→ **AIM OF THE EXERCISE**: The reply should consist of the full listing, written out exactly.

_ _ _ _

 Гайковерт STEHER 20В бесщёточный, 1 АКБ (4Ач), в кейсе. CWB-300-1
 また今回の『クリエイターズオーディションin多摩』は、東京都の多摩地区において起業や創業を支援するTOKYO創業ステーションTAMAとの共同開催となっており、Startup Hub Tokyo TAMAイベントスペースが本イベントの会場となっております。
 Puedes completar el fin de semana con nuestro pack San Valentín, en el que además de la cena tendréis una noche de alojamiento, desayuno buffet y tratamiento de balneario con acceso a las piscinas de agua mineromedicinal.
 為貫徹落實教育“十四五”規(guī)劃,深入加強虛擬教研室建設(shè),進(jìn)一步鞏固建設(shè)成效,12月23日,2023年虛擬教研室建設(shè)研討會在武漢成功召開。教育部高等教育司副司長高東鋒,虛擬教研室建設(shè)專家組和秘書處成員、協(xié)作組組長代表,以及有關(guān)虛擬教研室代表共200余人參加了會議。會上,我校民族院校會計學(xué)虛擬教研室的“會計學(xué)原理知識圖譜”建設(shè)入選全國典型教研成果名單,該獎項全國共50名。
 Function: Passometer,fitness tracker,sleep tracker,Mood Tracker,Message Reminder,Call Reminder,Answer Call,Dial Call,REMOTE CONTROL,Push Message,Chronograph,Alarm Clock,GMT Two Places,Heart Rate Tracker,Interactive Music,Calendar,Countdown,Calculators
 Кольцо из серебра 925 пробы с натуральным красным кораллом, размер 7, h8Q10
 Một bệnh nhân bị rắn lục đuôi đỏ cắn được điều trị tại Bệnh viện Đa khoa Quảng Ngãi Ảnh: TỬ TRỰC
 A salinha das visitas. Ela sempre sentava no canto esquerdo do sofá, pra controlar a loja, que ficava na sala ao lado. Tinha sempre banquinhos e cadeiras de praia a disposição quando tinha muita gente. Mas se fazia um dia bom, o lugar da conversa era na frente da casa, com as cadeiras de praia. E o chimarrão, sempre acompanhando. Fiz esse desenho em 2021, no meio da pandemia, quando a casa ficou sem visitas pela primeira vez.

_ _ _ _

→ **TASK SOLUTION**:
 Гайковерт STEHER 20В бесщёточный, 1 АКБ (4Ач), в кейсе. CWB-300-1
 また今回の『クリエイターズオーディションin多摩』は、東京都の多摩地区において起業や創業を支援するTOKYO創業ステーションTAMAとの共同開催となっており、Startup Hub Tokyo TAMAイベントスペースが本イベントの会場となっております。
 Puedes completar el fin de semana con nuestro pack San Valentín, en el que además de la cena tendréis una noche de alojamiento, desayuno buffet y tratamiento de balneario con acceso a las piscinas de agua mineromedicinal.
 為貫徹落實教育“十四五”規(guī)劃,深入加強虛擬教研室建設(shè),進(jìn)一步鞏固建設(shè)成效,12月23日,2023年虛擬教研室建設(shè)研討會在武漢成功召開。教育部高等教育司副司長高東鋒,虛擬教研室建設(shè)專家組和秘書處成員、協(xié)作組組長代表,以及有關(guān)虛擬教研室代表共200余人參加了會議。會上,我校民族院校會計學(xué)虛擬教研室的“會計學(xué)原理知識圖譜”建設(shè)入選全國典型教研成果名單,該獎項全國共50名。
 Function: Passometer,fitness tracker,sleep tracker,Mood Tracker,Message Reminder,Call Reminder,Answer Call,Dial Call,REMOTE CONTROL,Push Message,Chronograph,Alarm Clock,GMT Two Places,Heart Rate Tracker,Interactive Music,Calendar,Countdown,Calculators
 Кольцо из серебра 925 пробы с натуральным красным кораллом, размер 7, h8Q10
 Một bệnh nhân bị rắn lục đuôi đỏ cắn được điều trị tại Bệnh viện Đa khoa Quảng Ngãi Ảnh: TỬ TRỰC
 A salinha das visitas. Ela sempre sentava no canto esquerdo do sofá, pra controlar a loja, que ficava na sala ao lado. Tinha sempre banquinhos e cadeiras de praia a disposição quando tinha muita gente. Mas se fazia um dia bom, o lugar da conversa era na frente da casa, com as cadeiras de praia. E o chimarrão, sempre acompanhando. Fiz esse desenho em 2021, no meio da pandemia, quando a casa ficou sem visitas pela primeira vez.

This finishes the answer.